Сегодня Нелли Юрьевна Лиманская — ответственный администратор. У них так называется дежурный врач, наделенный административными полномочиями. (1200 коек, подземные и надземные переходы, мраморные холлы и конференц-залы, лаборатории, прачечные, пищеблоки, десятки километров коммуникаций — целый город.) Лифты уже не работают. Мы взлетаем на этажи и ныряем в подземные коридоры — ищем прозерин. Где-нибудь он должен быть — по теории вероятности. Мелькают лица, халаты, открываются аптечки, слюнявятся гроссбухи. Опять коридоры, какие-то залы, боксы, лестница, приемные покои. Я уже давно заблудился, но Нелли хорошо знает эту громадину и несется вперед уверенно и легко:
— У вас есть прозерин? У вас нет прозерина?
А у меня под ложечкой отъекивает:
- Хоть бы достать! Хоть бы достать!
И снова коридоры, залы, переходы и лестница. Кто-то на ходу окликает: «Нелли Юрьевна!». Круто останавливаемся, на бегу разворачиваемся. Зовет парень атлетического сложения и белоснежном халате и в крахмальной шапочке — врач-травматолог. На его громадном колене сидит маленькая девочка — ей годика три. Только что закончила реветь, но глаза еще мокрые. Молодой врач радостно возбужден: «Я вправил ей вывих в локтевом суставе. Вот рентгенограмма». На снимке действительно виден вывих. Нелли подбегает к девочке, быстрым оком сосредоточенно глядит на снимок, пытается согнуть ручку в локотке. Ручка не поддается, пружинит, девочка дергается, кричит. «Подержи ее, — шепчет Нелли гиганту-травматологу и в то же мгновение профессиональным, каким-то кошачьим движением выкручивает предплечье и дергает на себя. В локтевом суставе раздается характерный щелчок. Ручка свободно сгибается в локте. Слезы высыхают. «Молодец, хорошо вправил», — громко говорит Нелли. Родители благодарно улыбаются атлету, а мы бежим дальше. В следующем пролете я спрашиваю ее: «А если бы мы случайно не забежали?» «Да, ты знаешь, могло быть несчастье: он бы отправил ребенка на травмпункт для амбулаторного наблюдения со справкой, что вывих уже вправлен. А кто бы там стал проверять? А потом — время бы ушло и так далее…»
Да, черт возьми, хорошо, что мы случайно заскочили. Ей работы на несколько секунд, а девочка могла бы остаться калекой. А что делать родителям? На Нелли халат и на атлете халат. Откуда им знать, к кому обращаться. А им это и знать не положено. По месту жительства, по району обслуживания — вот куда.
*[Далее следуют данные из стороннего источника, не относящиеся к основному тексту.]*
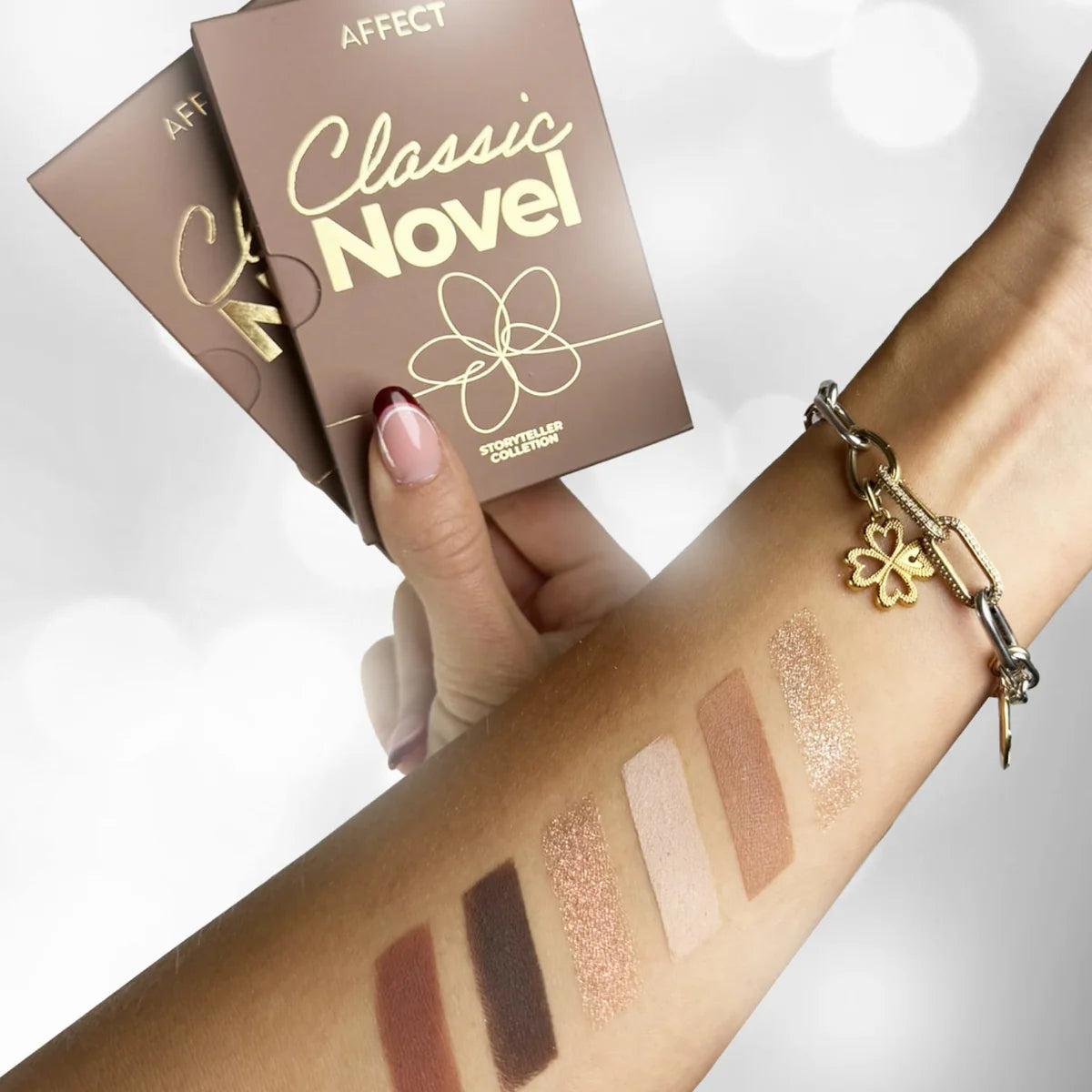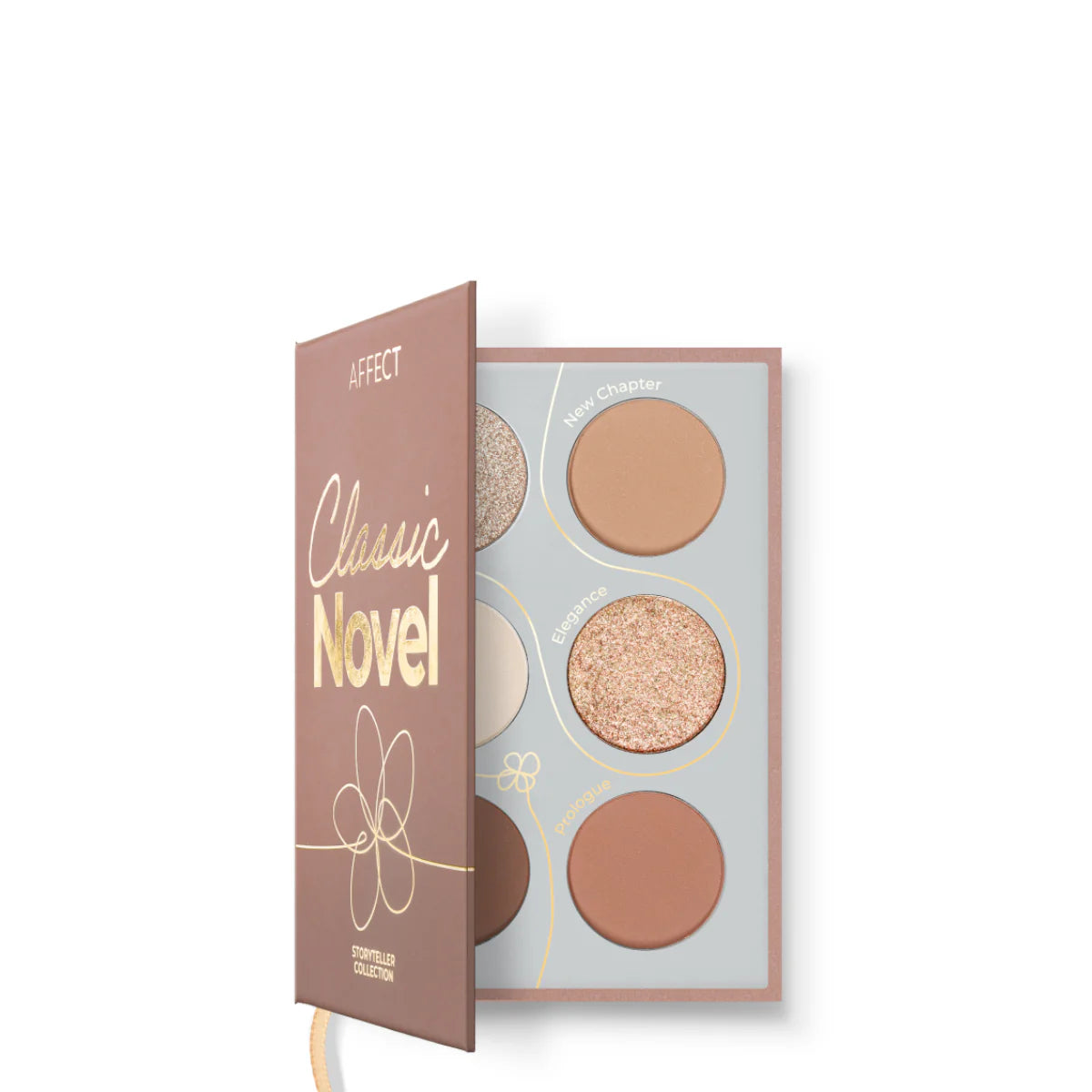 The Affect Classic Novel Mini Eyeshadow Palette transports you to the enchanting world of literature and timeless tales with its elegant design and captivating hues. Part of the Storyteller collection, this palette is not just an eyeshadow set but a charming miniature book filled with colours and makeup stories waiting to be created. Encased in a sophisticated brown cover with a subtle floral motif, the Classic Novel palette is perfect for lovers of classic beauty. It features warm, natural shades ranging from beiges to browns, along with two dazzling shimmers in gold and a golden opalescent apricot, allowing you to craft both delicate everyday looks and subtly refined styles for special occasions.

А там всегда какой-то белый халат и какая-то шапочка. Мысли сами прыгают в голове, а ноги по ступенькам.
На шестом этаже нашли прозерин. Хорошо, что со мной дежурный администратор. Нелли дает распоряжение, а дежурная сестра записывает его в рапортичку. Потом проводим кубик прозерина в большой бухгалтерской книге, ставим подписи, клеим рапортичку и возвращаемся в гинекологическое отделение. Пока сестра готовит шприц, пишем новую рапортичку и снова проводим кубик прозерина, но уже по графам гинекологической бухгалтерии.
Моя Вера все-таки получила лекарство. Дело сделано. А еще через два дня положение совсем стабилизируется, мне бы можно и уехать, но дочь возражает: «Папочка, не уезжай, мне без тебя страшно». Она для меня сейчас опять маленькая, и я остаюсь. Теперь, когда напряжение миновало, можно оглядеться по сторонам. Врачи и сестры меня поздравляют с выздоровлением дочери и просят проконсультировать больную из района в приемном покое (Юрия Сергеевича до сих пор нет — он все еще в Москве). В приемнике гинекологи и врачи из района, которые привезли больную. Ее осторожно кладут на каталку и везут в перевязочную. С каталки на стол не перекладывают, чтобы лишний раз не тревожить. Больная лет тридцати, мелковатая, остроносая, полусельская на вид. На лице ее вопрос, некоторый испуг, и это все. Никаких признаков катастрофы.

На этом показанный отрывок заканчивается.